June 23, 2008

"You" were selected as Time magazine's person of the year. Every industry expert has beaten to death this decade's marketing catchphrase, "The consumer is in control." Teens, tweens and digitally savvy adults have made it abundantly clear that they will not be marketed to in the traditional manner. The question marketers now wait to have answered is: What are people going to do with their newfound control? What must marketers do to stay relevant in the world of consumer control?

To be sure, there is no one answer. Marketers will find success by creating compelling content people wish to engage with. Marketers will find success by utilizing the communicative properties of social media to listen and react to their consumers. We are also seeing that the next generation of consumers (aka people) will demand a new level of social responsibility from marketers.
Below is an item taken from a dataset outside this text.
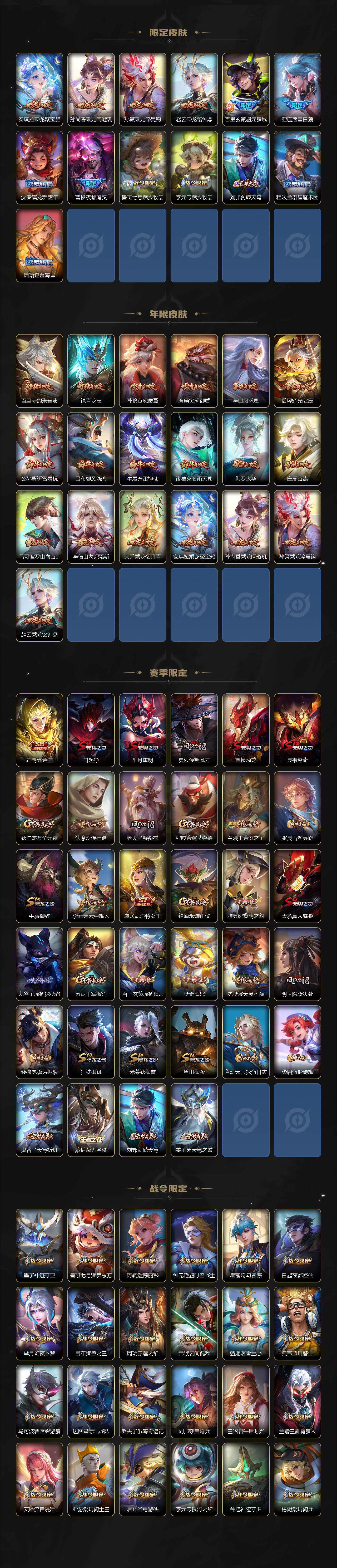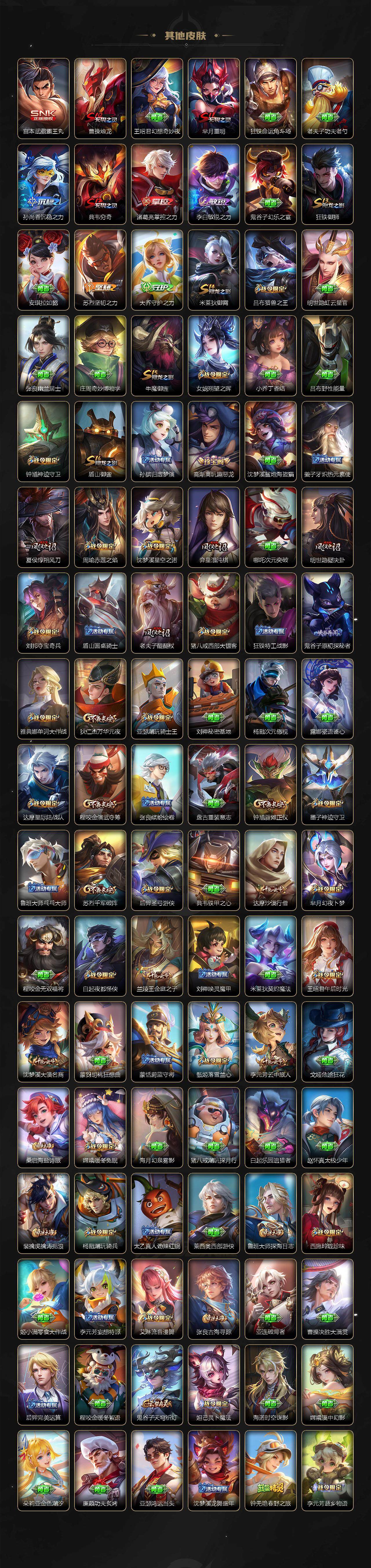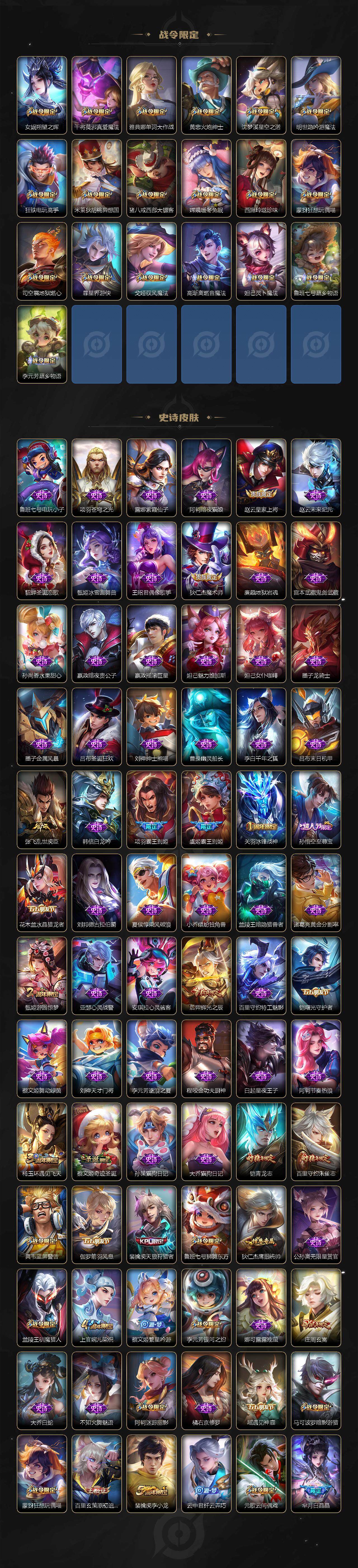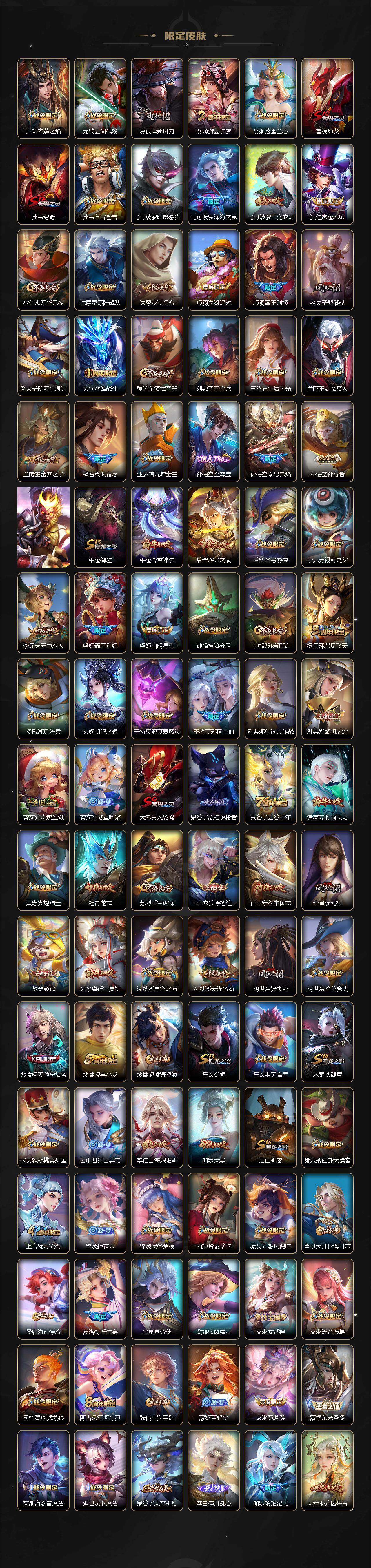 【限定皮肤】:白起狰,姜子牙天穹之誓,狄仁杰阴阳师,虞姬凯尔特女王,廉颇寅虎御盾,赵云皇家上将,墨子神迹守卫,墨子降魔,鲁班七号狮舞东方,庄周玄嵩,庄周高山流水,高渐离死亡摇滚,高渐离玩趣恶龙,阿轲迷踪丽影,钟无艳超时空战士,孙膑寅虎展翼,扁鹊炼金王,扁鹊奇幻香踪,白起夜都怪侠,芈月重明,芈月白晶晶,芈月幻夜卜梦,吕布猎兽之王,吕布御风骁将,周瑜赤莲之焰,元歌云间偶戏,夏侯惇朔风刀,甄姬游园惊梦,甄姬落雪兰心,曹操烛龙,典韦穷奇,典韦蓝屏警告,马可波罗暗影游猎,马可波罗深海之息,马可波罗山海玄木吟,狄仁杰魔术师,狄仁杰万华元夜,达摩星际陆战队,达摩沙漠行僧,项羽海滩派对,项羽霸王别姬,老夫子醍醐杖,老夫子航海奇遇记,关羽冰锋战神,程咬金演武夺筹,刘邦夺宝奇兵,王昭君午后时光,兰陵王驯魔猎人,兰陵王金庭之子,橘右京枫霜尽,亚瑟潮玩骑士王,孙

According to Giving USA, in 2007 US corporations gave only $16 billion to charity, representing less than 5% of all giving in the U.S. for 2007. This is during a year in which U.S. corporations spent in excess of $300 billion to convince people to buy their product or service.

So, if people are in control and are becoming more and more socially conscious, and marketers want to reach people, then the amazing potential exists for corporations to redirect a significant portion of that $300 billion spent on self-promotion toward charities instead -- which will, in theory, convince people to buy their products.

This is referred to most commonly as cause marketing. Simply put, if you see a company making a difference in the causes that matter to you, you are more likely to buy their products. And, even better (especially within social media) you are more likely to share that company's products with your friends. And "you" is a mighty strong advocate; how else would "you" win person of the year!

Will Johnson, COO of SocialVibe, and the person I steal a great number of my Spin topics from, has a great write-up on the current state of corporate giving and cause marketing (a term he doesn't seem to like) here: " The $300B Equation - Can Brands Get it Right?"

So we know that there is lots of room, and reason, for dollars to shift from traditional marketing to cause-based marketing. Still, there's a tough issue to face. Under the category of "If a tree falls in the woods and there's no one there to hear it, does it make a sound?," companies are forced to ask "If I do good and there is no one there to see it, does it make an impact?

This is a MAJOR role for agencies in the new marketing landscape. Corporations would love to allocate more money toward making the world a better place, but they have to run a business; they employ people and answer to shareholders. But in the new media landscape, there is no reason that with the right marketing strategy, they can't do both!

Imagine measuring ROI for charitable donations. Imagine empowering people, who we all agree are in control, to turn your marketing dollars into charitable donations, because those people can now help you spread your message. This will certainly be written into law in the new contract between people and brands with regards to advertising.

Those of you who know what my company does will obviously perceive more than a little bit of bias in my position. But I will say this: we didn't start on the cause side; people drove the platform to where it is. Listening to people has helped me understand that consumers will demand more meaning from their marketing.

How do you see consumers giving meaning to marketing?

By Joe Marchese
Joe Marchese is President of socialvibe.